RMG Networks Holding Corporation
- Company type: Private
- Industry: Digital signage
- Founded: 1980
- Headquarters: Dallas, Texas, United States
- Area served: Worldwide
- Key people: Ankur Ahlowalia, CEO; Stuart Mitchell, CFO; Colm Nee, CTO;
- Website: www.gokorbyt.com

= Korbyt =

Digital signage company based in Dallas, Texas

Korbyt, formerly RMG Networks, Reach Media Group and Danoo, is an American workplace software and digital signage company. It is headquartered in Dallas, Texas, with additional worldwide offices in the United Kingdom and the United Arab Emirates. Its self-titled platform, Korbyt, provides content management, performance dashboards and data visualization for desktops and mobile devices. The company traces its origin back to an early-1980s digital signage company Symon Communications.

==History==
===2006–2013: Early Years===
Reach Media Group was founded in 2006 as Danoo and received financial backing from Kleiner Perkins Caufield & Byers, DAG Ventures, National CineMedia and Tennenbaum Capital Partners. In July 2009, Danoo acquired certain assets of IdeaCast, thus expanding its consumer base to fitness clubs and airline passengers. In August 2009, the company renamed itself RMG Networks and appointed Garry McGuire to take over as CEO from Aileen Lee.
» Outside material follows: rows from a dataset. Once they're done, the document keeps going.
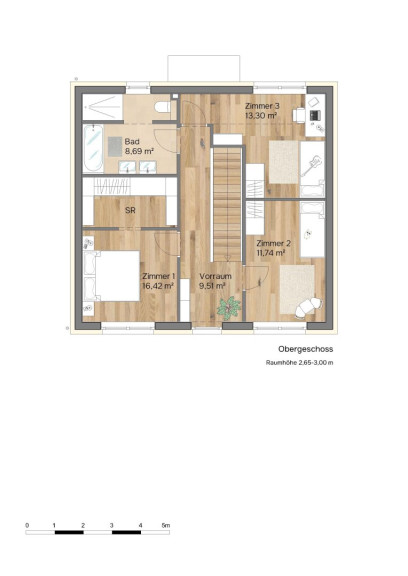 Herzstück ist die großzügige Wohnküche mit praktischer Speis, die sich zum Garten hin öffnet: drinnen leben, draußen weiteratmen. Die 2,85 m Raumhöhe im Erdgeschoss verstärkt das großzügige Raumgefühl und verleiht dem Zuhause eine besondere Weite. Im Wohnzimmer sorgt ein sehr großes Fenster mit einer Parapethöhe von nur 43 cm für extra viel Licht – ideal, um den Bereich mit einer integrierten Sitzfläche als gemütlichen Lieblingsplatz zu gestalten. Eine großformatige Verglasung inklusive Hebeschiebetüre zur Terrasse bilden einen fließenden Übergang zwischen Innen und Außen. Drei Schlafzimmer schaffen Rückzugsorte für jedes Familienmitglied, ergänzt durch einen Schrankraum und zwei Bäder für entspannte Morgen und ruhige Abende.
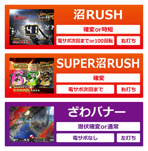 沼RUSHが内部的に確変で、かつ100回転を過ぎた場合に突入。確変状態濃厚で、次回大当りまで電サポが継続する。
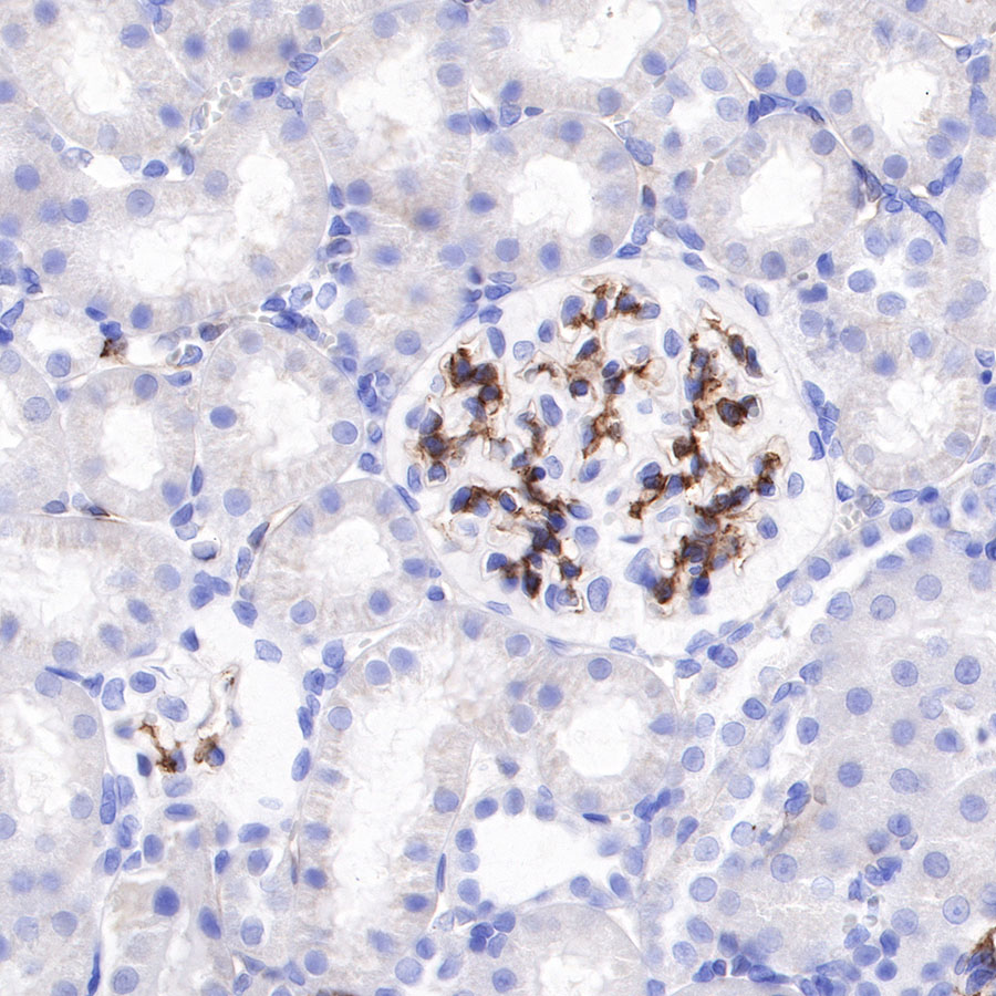 IHC shows positive staining in paraffin-embedded rat kidney. Anti-CD146 antibody was used at 1/2000 dilution, followed by a HRP Polymer for Mouse & Rabbit IgG (ready to use). Counterstained with hematoxylin. Heat mediated antigen retrieval with Tris/EDTA buffer pH9.0 was performed before commencing with IHC staining protocol.
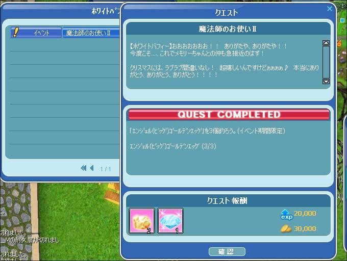 朝、報告忘れてましたので報告に行きましたらアイテム2つもらえマジカルに行きました。はずれの神の恵み?でした。もっといいもの恵んで下さいと思いました。
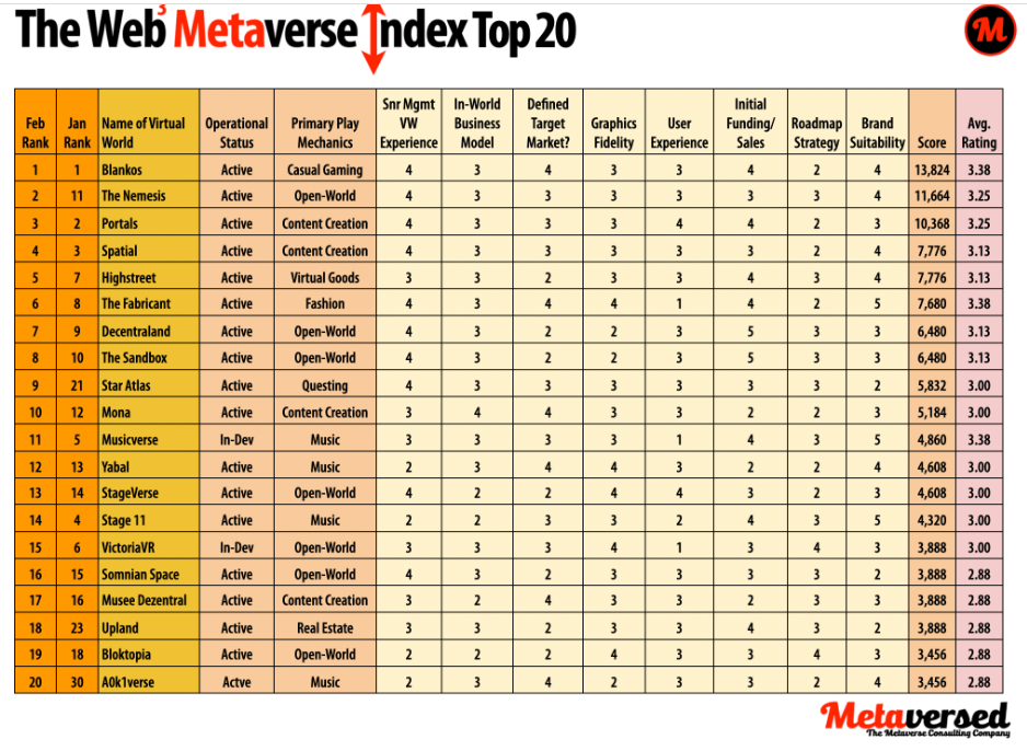 Menurut data dari indeks tersebut, terungkap bahwa metaverse Blankos masih berada di peringkat 1 dengan skor tertinggi 13,824. Metaverse Blankos sendiri masuk dalam kategori casual gaming yang menggunakan konsep play-to-earn. Menariknya, dari puluhan platform tersebut, belum ada proyek metaverse yang berfokus pada pendidikan.
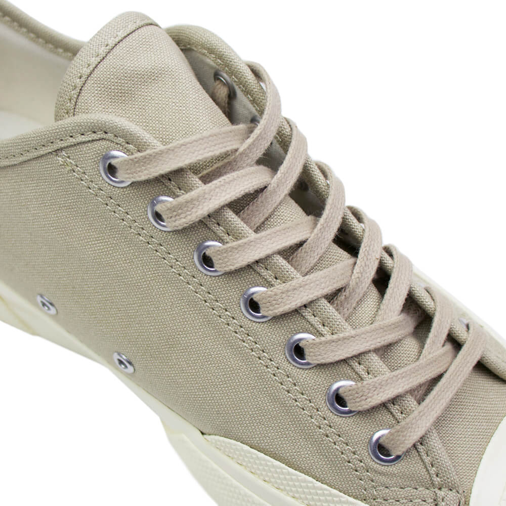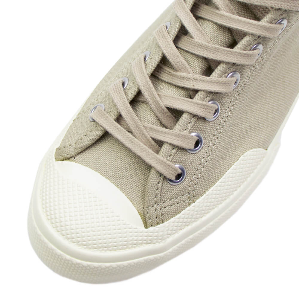 70年代のワークウェアよりイメージをされたシューズとなっております。レースアップのワークブーツをイメージさせるデザインにはボリューム感のあるソールがマッチしておりアッパー素材のモールスキンが上品さを演出する仕上がりとなっています。使用されているモールスキンは岡山の児島で職人によって織られた上質な生地となっており、足当たりも柔らかく、履き心地も優れたビンテージ感漂うワークスタイルの1足です。

===2013–2018: Transition to RMG Networks===
The company went public via a reverse merger with SCG Financial Acquisition Corp. in April 2013, which allowed being re-listed on NASDAQ as RMG Networks at $10 per share. The same month, the company acquired Symon Communications, a digital signage company founded in 1980, for $45.5 million. As a result, RMG moved its headquarters from San Francisco to the Dallas metropolitan area, the previous location of Symon Communications.

The same month, RMG Networks was named a winner for the Queen’s Award for Enterprise in International Trade 2013, received for three consecutive years of "outstanding export growth", and its representatives attended a celebratory reception at Buckingham Palace for the occasion in July.

===2018–Present: Going private and re-branding===
By 2018, RMG was facing challenges as a publicly-traded company. As a result, executive chairman Gregory Sachs and an equity firm Virgo Capital issued a proposal to take the company private, which sparked an internal dispute and an alternative recapitalization proposal from Hale Capital Partners, Inc. When in August 2018 the latter proposal did not pass, three out of six RMG board members resigned. Later in 2018, RMG agreed to be acquired by Virgo Capital and Sachs Capital Group, making the company privately-owned.

In September 2020, RMG appointed Silicon Valley software executive Ankur Ahlowalia as chief executive officer. On September 23, 2020, RMG announced re-branding to match the name of its core product, Korbyt.